With the exception of Austin Powers and maybe Office Space, no recent comedy has been quoted and regurgitated by guys named Frank who work in your office as much as Sacha Baron Cohen’s Borat: Cultural Learnings of America for Make Benefit Glorious Nation of Kazakhstan.
“Hey, Frank, what did you think of the game last night” “VERY NICE.” “F*ck you, Frank.”
But if you can divorce the Franks of the world with the movie itself, Borat‘s still excellent…with the exception of the abduction scene. It’s funnier when Borat’s hanging out with drunken frat brothers and getting into nude brawls with obscenely overweight friends, not stuffing Pamela Anderson into a sack in a Virgin Megastore. It’s so preposterous that Anderson had to be in on the joke, right? Right.
There are two things you should know about how Borat operated. First, the crew:
Executive producer Monica Levinson further explained the irreverent shoot with the following statement: “All we had was an eight-person crew, including Sacha, a sound person, camera people, [director] Larry Charles and a production assistant. We all traveled around in a van, followed by a pickup truck that carried the equipment.” (Via)
And how Cohen was never successfully sued, despite many lawsuits filed against him.
Most of Borat’s victims were ensnared in a similar way. They would be contacted by a woman calling herself Chelsea Barnard from a fictional film company, One America Productions.
They would be told about the foreign correspondent making a film about life in the US, with the pitch tailored to each person’s specialist subject.
Then on the day of the interview, they would be presented with a release form at the last minute, be paid in cash and, finally, Borat would amble in, beginning with some serious subjects before starting his provocative routine. (Via)
Sneaky, sinister, smart, but that’s not how Anderson got involved. She told MTV at the time, “I can’t really say. I’m sworn to secrecy,” but she later wrote on her website, “Of course Sasha [sic] and I planned this years ago. And it turned out perfect…I’m so happy for him.” The OC Weekly also did some digging, and spoke to a security guard who worked where the scene was filmed.
When I posed the question to [director of security] Jonathan Collins, [he said]: “Yeah, the whole thing was planned. They made arrangements with us. Yeah, they told us what they would be doing. The thing in the store, the chase, all of it…It was supposed to look authentic, and we waited and waited for hours because it had to look real to get the effect they wanted,” said Collins, who added that the security personnel subduing Borat were in fact actors, not mall security. (Via)

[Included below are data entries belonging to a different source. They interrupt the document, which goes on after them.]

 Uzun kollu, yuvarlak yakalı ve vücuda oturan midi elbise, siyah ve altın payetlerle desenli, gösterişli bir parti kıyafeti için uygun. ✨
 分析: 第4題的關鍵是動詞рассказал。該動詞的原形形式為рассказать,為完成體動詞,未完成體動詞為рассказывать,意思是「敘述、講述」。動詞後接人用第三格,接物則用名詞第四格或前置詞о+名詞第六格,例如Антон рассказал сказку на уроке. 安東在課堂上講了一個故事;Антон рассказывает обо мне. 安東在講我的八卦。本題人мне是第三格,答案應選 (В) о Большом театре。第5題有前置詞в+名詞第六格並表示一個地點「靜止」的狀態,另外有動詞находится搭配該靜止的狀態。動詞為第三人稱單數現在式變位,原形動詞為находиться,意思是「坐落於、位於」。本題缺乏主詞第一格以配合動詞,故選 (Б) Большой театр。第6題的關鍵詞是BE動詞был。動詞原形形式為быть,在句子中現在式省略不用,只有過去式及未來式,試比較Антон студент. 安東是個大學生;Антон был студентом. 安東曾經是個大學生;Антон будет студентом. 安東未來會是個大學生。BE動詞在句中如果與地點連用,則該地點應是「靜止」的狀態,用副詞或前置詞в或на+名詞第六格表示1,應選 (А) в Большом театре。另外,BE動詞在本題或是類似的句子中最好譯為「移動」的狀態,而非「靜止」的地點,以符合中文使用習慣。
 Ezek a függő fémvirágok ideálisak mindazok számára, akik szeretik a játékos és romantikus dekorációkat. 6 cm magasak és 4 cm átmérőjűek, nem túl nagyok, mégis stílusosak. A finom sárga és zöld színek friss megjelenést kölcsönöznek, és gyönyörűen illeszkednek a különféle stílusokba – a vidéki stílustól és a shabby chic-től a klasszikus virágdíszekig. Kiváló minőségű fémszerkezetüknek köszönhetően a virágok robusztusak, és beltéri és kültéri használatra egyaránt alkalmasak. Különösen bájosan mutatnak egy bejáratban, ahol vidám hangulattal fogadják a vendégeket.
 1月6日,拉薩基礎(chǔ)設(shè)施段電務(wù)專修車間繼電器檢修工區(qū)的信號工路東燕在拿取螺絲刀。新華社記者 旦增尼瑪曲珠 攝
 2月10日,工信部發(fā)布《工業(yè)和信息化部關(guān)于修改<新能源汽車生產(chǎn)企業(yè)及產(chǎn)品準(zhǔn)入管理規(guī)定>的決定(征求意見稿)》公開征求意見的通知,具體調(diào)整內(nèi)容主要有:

Also not helping their “this is real” cause: a previous encounter, from 2005.
Pamela Anderson’s two canine companions were about to pledge their undying devotion on a sunny Malibu beach last Wednesday, August 17, when a strange sea-craft was sighted just offshore. Chihuahua Luca, golden retriever Star, and gathered friends and loved ones eyed the vessel with suspicion until Sacha Baron Cohen emerged from the surf astride an inflatable turtle.

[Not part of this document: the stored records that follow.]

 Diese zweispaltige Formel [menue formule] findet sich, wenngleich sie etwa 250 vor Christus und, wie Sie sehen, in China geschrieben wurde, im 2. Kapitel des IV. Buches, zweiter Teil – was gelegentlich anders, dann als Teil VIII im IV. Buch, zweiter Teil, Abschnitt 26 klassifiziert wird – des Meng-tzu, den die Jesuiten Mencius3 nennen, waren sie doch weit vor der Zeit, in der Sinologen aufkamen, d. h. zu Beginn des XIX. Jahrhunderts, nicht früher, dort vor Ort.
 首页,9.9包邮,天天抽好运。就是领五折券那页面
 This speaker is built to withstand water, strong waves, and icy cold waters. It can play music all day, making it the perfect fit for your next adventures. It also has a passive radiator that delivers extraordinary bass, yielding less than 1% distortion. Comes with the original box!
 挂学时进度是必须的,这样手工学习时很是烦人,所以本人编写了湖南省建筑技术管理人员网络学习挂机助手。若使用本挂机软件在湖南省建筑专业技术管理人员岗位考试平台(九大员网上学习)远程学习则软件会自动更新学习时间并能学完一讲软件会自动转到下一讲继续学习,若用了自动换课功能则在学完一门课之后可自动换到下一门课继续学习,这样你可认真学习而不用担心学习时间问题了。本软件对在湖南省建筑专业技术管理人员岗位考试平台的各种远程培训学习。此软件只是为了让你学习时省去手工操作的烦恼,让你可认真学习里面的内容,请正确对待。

Cohen, in character as Borat, wore shorts with a leather jacket and cap and brandished a white keytar. Once ashore, the oft-reviled comedian sprinted toward Anderson and felled her with a perfectly executed rugby tackle, causing her to drop the beloved Luca. The Stacked actress struggled to her feet and brushed sand off of her long white gown as her loyal bodyguards seized the interloper, dragged him back to the shore, and dunked him in the hungry waves. The wedding party quickly composed itself, and the ceremony continued without further incident. (Via)
Now we know that the sack scene (no, not that sack) was staged. But the story doesn’t end here; Kid Rock’s not involved yet. As you probably tried to forget, Rock and Anderson got married in 2006, and divorced four months later. There are probably about a million reasons why those kids couldn’t make it work — Anderson preferring Uncle Kracker, etc. — but one of them might have involved Borat.

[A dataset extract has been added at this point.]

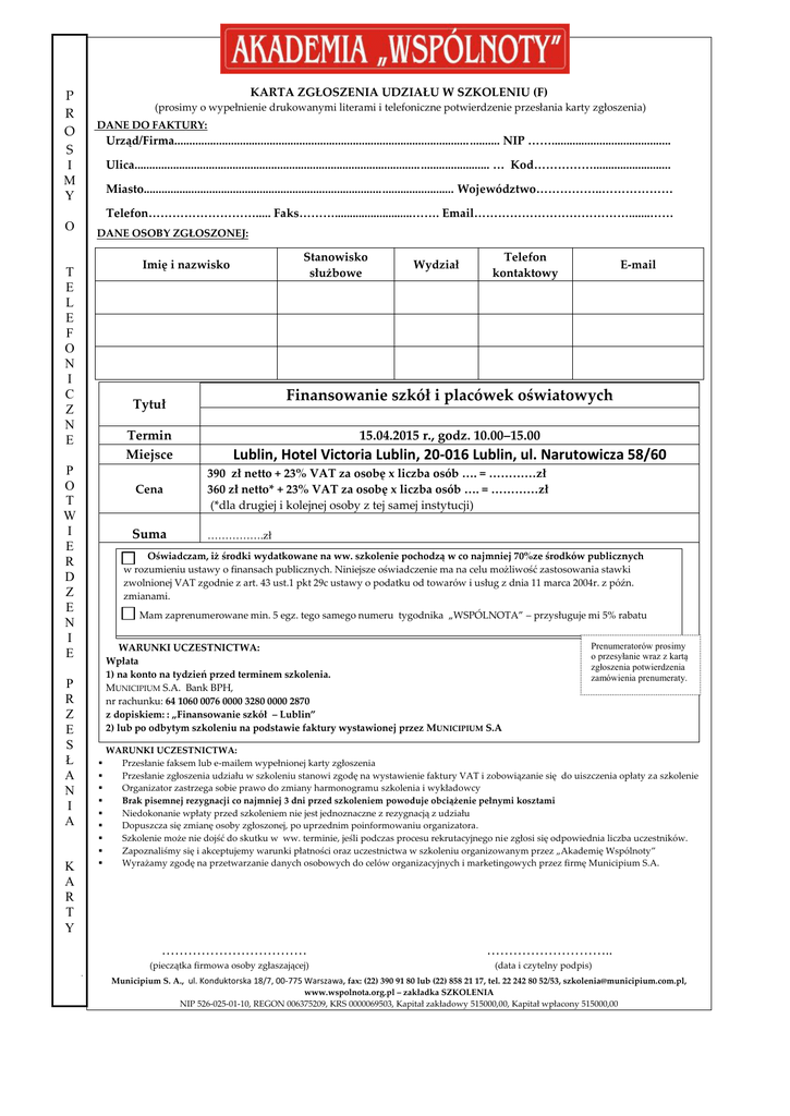P R O S I M Y KARTA ZGŁOSZENIA UDZIAŁU W SZKOLENIU (F) (prosimy o wypełnienie drukowanymi literami i telefoniczne potwierdzenie przesłania karty zgłoszenia) DANE DO FAKTURY: Urząd/Firma............................................................................................................. NIP ……........................................ Ulica................................................................................................ ....................... … Kod…………….......................... Miasto........................................................................................................ Województwo……………..……………… Telefon………………………..... Faks………..........................……. Email………………………………….......…… O DANE OSOBY ZGŁOSZONEJ: Termin Miejsce K A R T Y Cena Suma Wydział Telefon kontaktowy E-mail Finansowanie szkół i placówek oświatowych Tytuł P O T W I E R D Z E N I E P R Z E S Ł A N I A Stanowisko służbowe Imię i nazwisko T E L E 1. F O 2. N I C Z N E 15.04.2015 r., godz. 10.00–15.00 Lublin, Hotel Victoria Lublin, 20-016 Lublin, ul. Narutowicza 58/60 390 zł netto + 23% VAT za osobę x liczba osób …. = …………zł 360 zł netto* + 23% VAT za osobę x liczba osób …. = …………zł (*dla drugiej i kolejnej osoby z tej samej instytucji) …………….zł Oświadczam, iż środki wydatkowane na ww. szkolenie pochodzą w co najmniej 70%ze środków publicznych w rozumieniu ustawy o finansach publicznych. Niniejsze oświadczenie ma na celu możliwość zastosowania stawki zwolnionej VAT zgodnie z art. 43 ust.1 pkt 29c ustawy o podatku od towarów i usług z dnia 11 marca 2004r. z późn. zmianami. Mam zaprenumerowane min. 5 egz. tego samego numeru tygodnika „WSPÓLNOTA” – przysługuje mi 5% rabatu WARUNKI UCZESTNICTWA: Wpłata 1) na konto na tydzień przed terminem szkolenia. MUNICIPIUM S.A. Bank BPH, nr rachunku: 64 1060 0076 0000 3280 0000 2870 z dopiskiem: : „Finansowanie szkół – Lublin” 2) lub po odbytym szkoleniu na podstawie faktury wystawionej przez MUNICIPIUM S.A Prenumeratorów prosimy o przesyłanie wraz z kartą zgłoszenia potwierdzenia zamówienia prenumeraty. WARUNKI UCZESTNICTWA: Przesłanie faksem lub e-mailem wypełnionej karty zgłoszenia Przesłanie zgłoszenia udziału w szkoleniu stanowi zgodę na wystawienie faktury VAT i zobowiązanie się do uiszczenia opłaty za szkolenie Organizator zastrzega sobie prawo do zmiany harmonogramu szkolenia i wykładowcy Brak pisemnej rezygnacji co najmniej 3 dni przed szkoleniem powoduje obciążenie pełnymi kosztami Niedokonanie wpłaty przed szkoleniem nie jest jednoznaczne z rezygnacją z udziału Dopuszcza się zmianę osoby zgłoszonej, po uprzednim poinformowaniu organizatora. Szkolenie może nie dojść do skutku w ww. terminie, jeśli podczas procesu rekrutacyjnego nie zgłosi się odpowiednia liczba uczestników. Zapoznaliśmy się i akceptujemy warunki płatności oraz uczestnictwa w szkoleniu organizowanym przez „Akademię Wspólnoty” Wyrażamy zgodę na przetwarzanie danych osobowych do celów organizacyjnych i marketingowych przez firmę Municipium S.A. …………………………… (pieczątka firmowa osoby zgłaszającej) ……………………….. (data i czytelny podpis) Municipium S. A., ul. Konduktorska 18/7, 00-775 Warszawa, fax: (22) 390 91 80 lub (22) 858 21 17, tel. 22 242 80 52/53, [email protected], www.wspolnota.org.pl – zakładka SZKOLENIA NIP 526-025-01-10, REGON 006375209, KRS 0000069503, Kapitał zakładowy 515000,00, Kapitał wpłacony 515000,00

A pal tells the New York Post that Rock’s “male insecurity and major anger issues,” are to blame and that a big fight over her participation in the film Borat caused tension between them.
“(Universal Studio chief) Ron Meyer held a screening of Borat at his house for a bunch of people, including Pam and Bob (Rock’s real name is Robert Richie),” the model’s pal tells the Post. “It was the first time Bob had seen the movie, and, well, he didn’t like it…Bob started screaming at Pam, saying she had humiliated herself and telling her, ‘You’re nothing but a whore! You’re a slut! How could you do that movie?’ — in front of everyone. It was very embarrassing,” the source said. “Pam thought he could have a sense of humor about the movie. She was in on the gag from the very beginning and loved doing the movie. And on the eve of what was supposed to be a very positive thing, he made it an awful night.” (Via)
Kid Rock eventually commented on the rumors on The Howard Stern Show, claiming Anderson made them up because she’s a “psycho,” something the rest of the world has known since she starred in Barb Wire. So, while Borat may have indirectly played a part in their divorce, it’s a stretch to say that’s why Kid Rock no longer calls Pamela Anderson “MY WIFE.” Sorry.